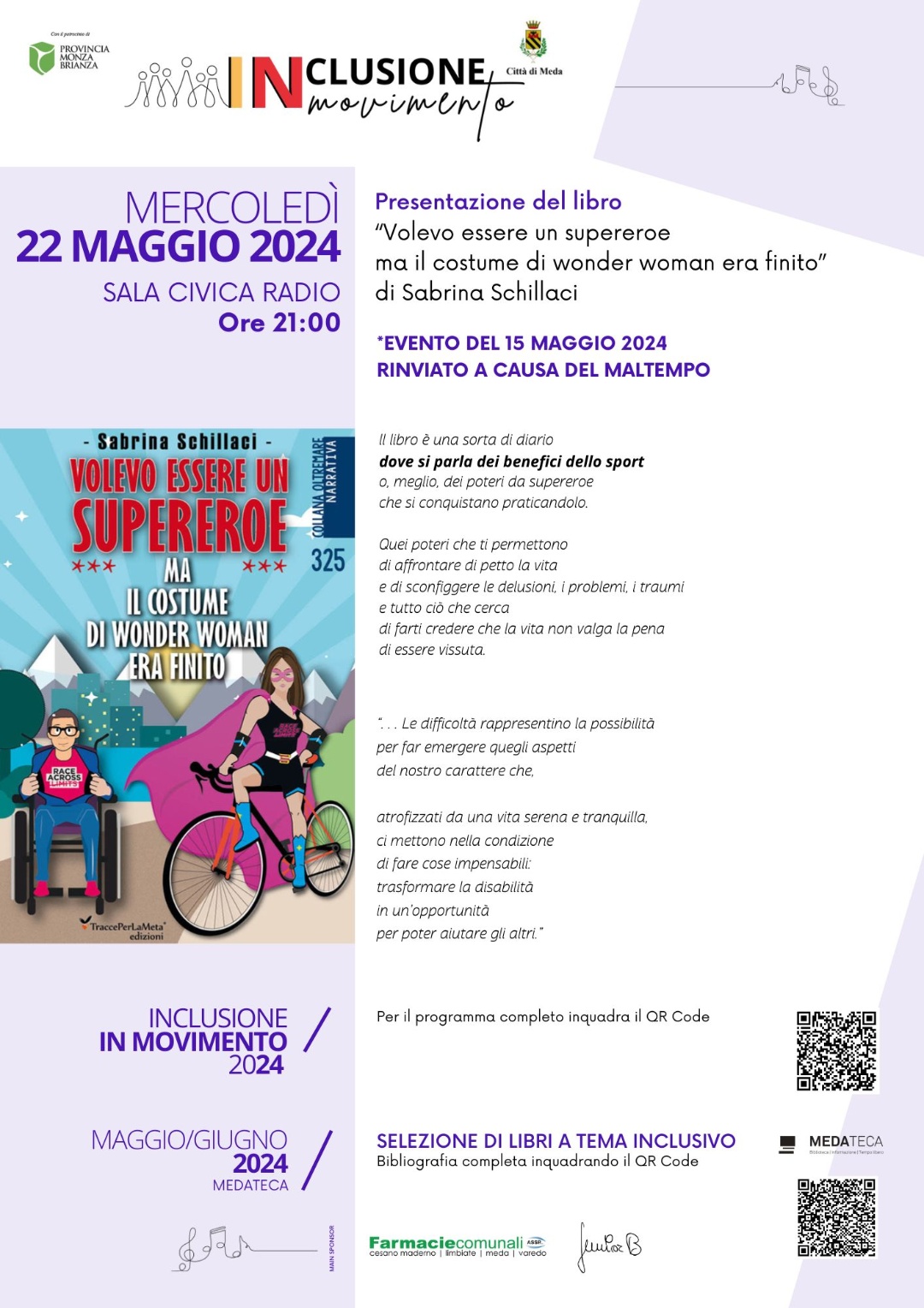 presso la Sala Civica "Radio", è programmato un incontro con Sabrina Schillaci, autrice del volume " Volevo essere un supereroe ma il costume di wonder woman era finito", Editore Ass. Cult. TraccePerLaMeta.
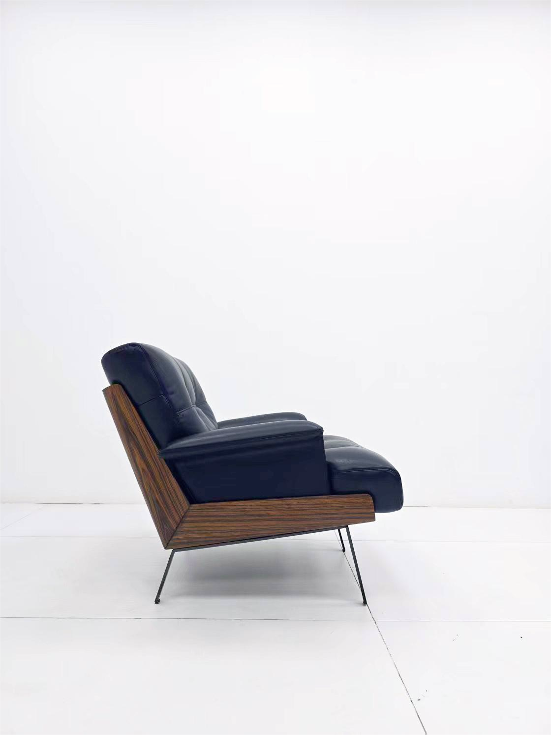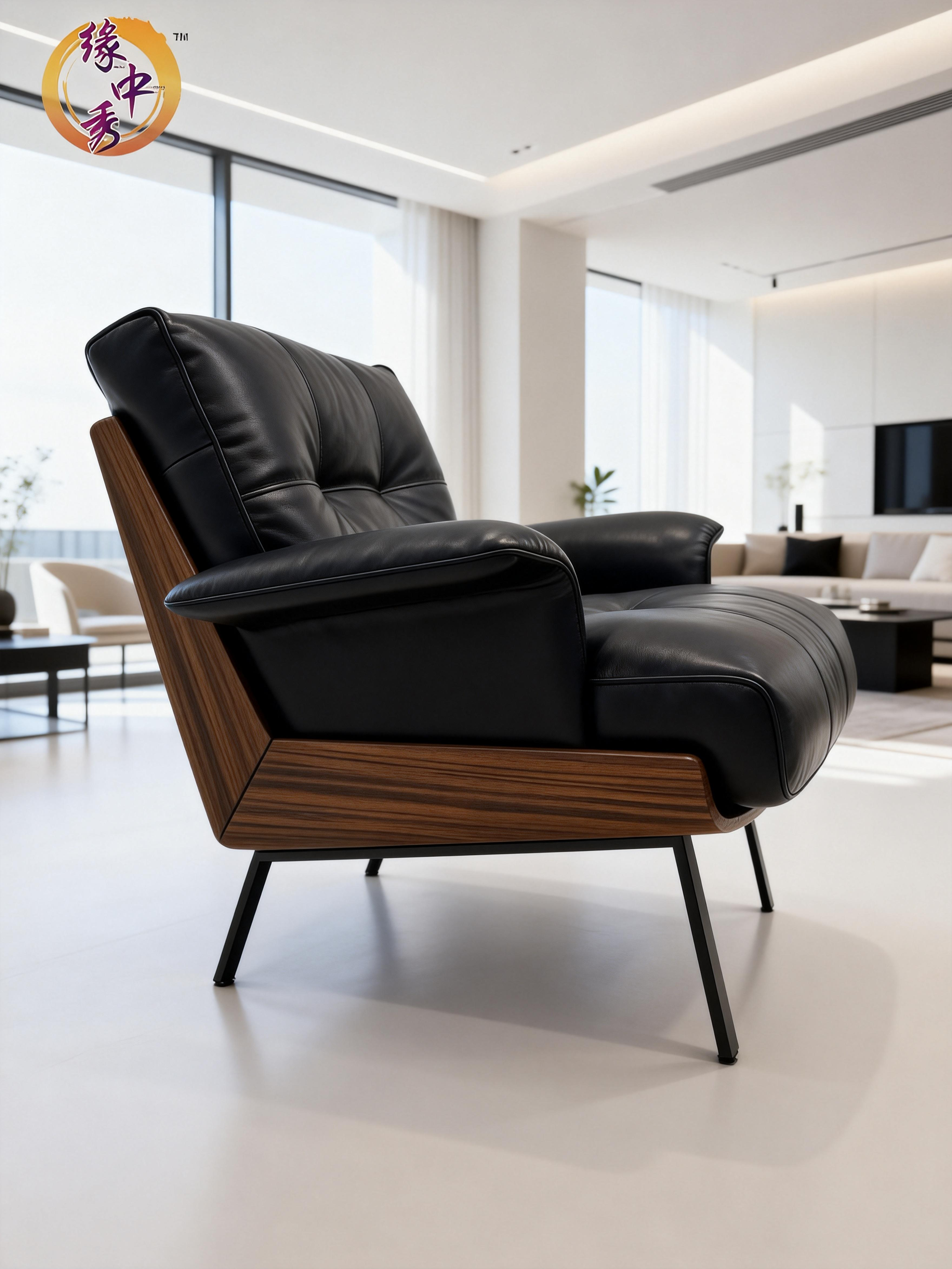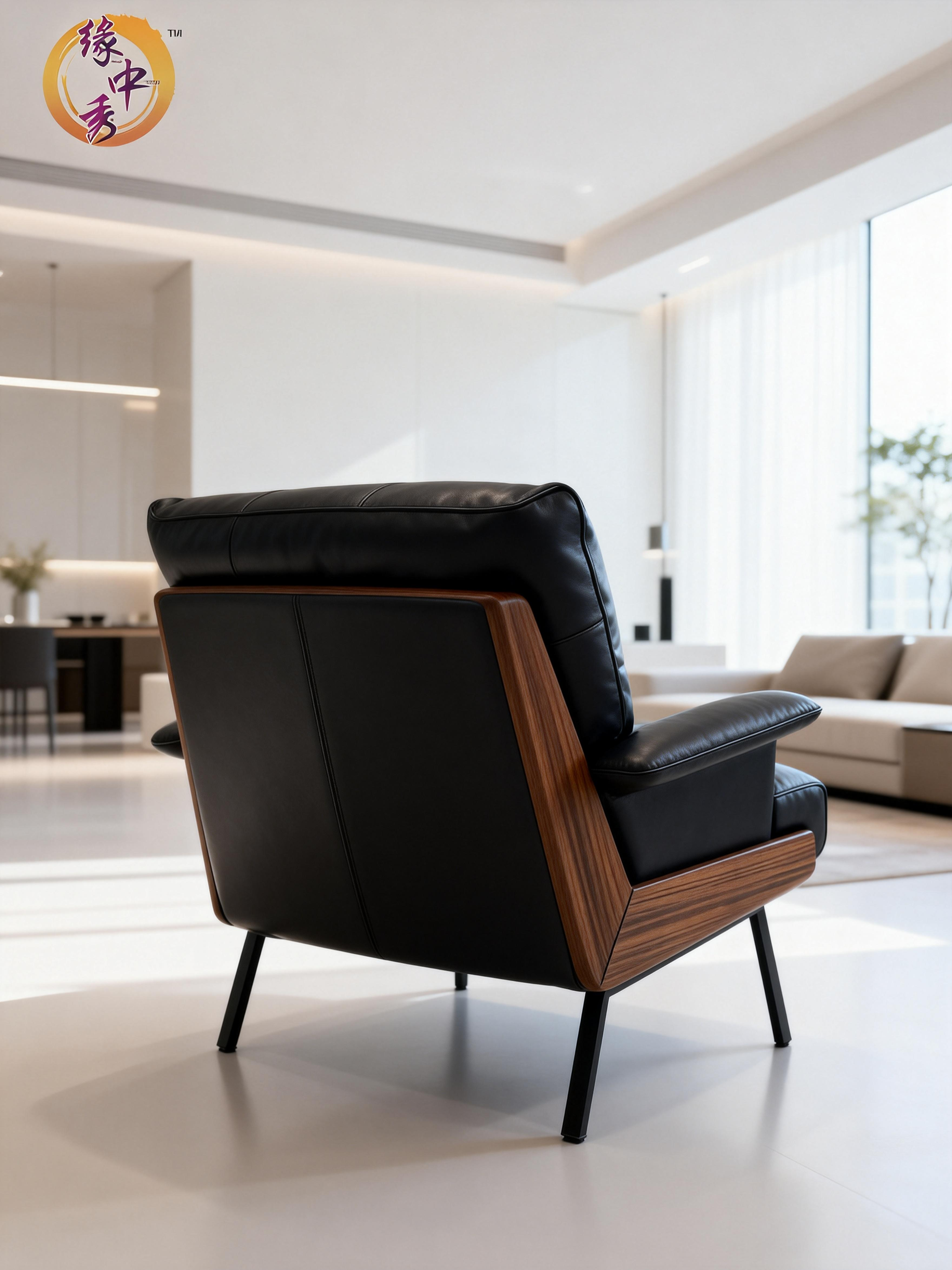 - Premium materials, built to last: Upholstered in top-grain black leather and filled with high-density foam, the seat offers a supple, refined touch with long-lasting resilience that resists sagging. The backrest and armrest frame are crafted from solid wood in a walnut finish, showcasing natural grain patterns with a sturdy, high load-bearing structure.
******************************
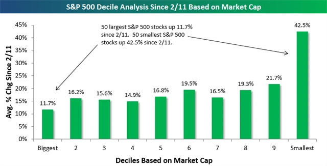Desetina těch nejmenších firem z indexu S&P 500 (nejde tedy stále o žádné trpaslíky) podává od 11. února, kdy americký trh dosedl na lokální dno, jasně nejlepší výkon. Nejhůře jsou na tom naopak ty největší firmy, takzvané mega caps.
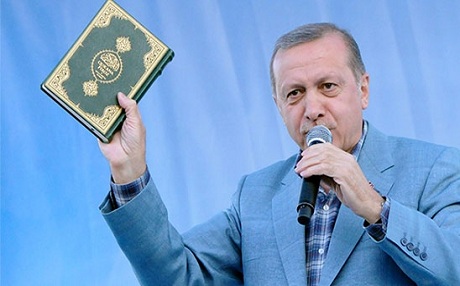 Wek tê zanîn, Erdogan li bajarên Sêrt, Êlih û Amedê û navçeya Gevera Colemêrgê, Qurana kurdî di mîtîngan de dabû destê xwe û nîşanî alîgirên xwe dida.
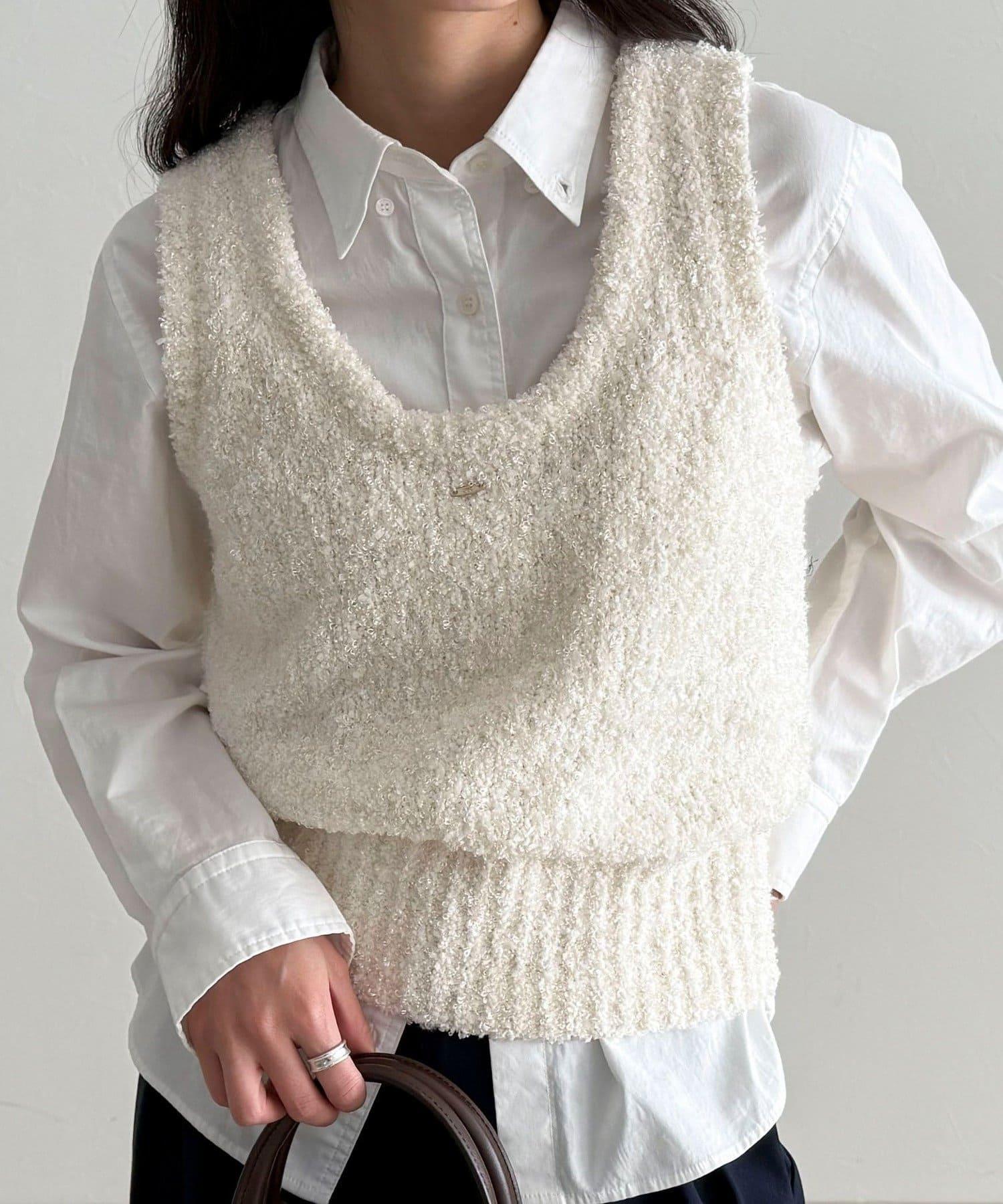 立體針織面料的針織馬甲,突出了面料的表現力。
******************************
## What you should do
Starting with the line that has "Wek tê zanîn, Erdogan" and ending with the line that has "立體針織面料的針織馬甲,突出了面料的表現力。", repeat the lines above exactly, omitting every picture.

## The answer
 Wek tê zanîn, Erdogan li bajarên Sêrt, Êlih û Amedê û navçeya Gevera Colemêrgê, Qurana kurdî di mîtîngan de dabû destê xwe û nîşanî alîgirên xwe dida.
 立體針織面料的針織馬甲,突出了面料的表現力。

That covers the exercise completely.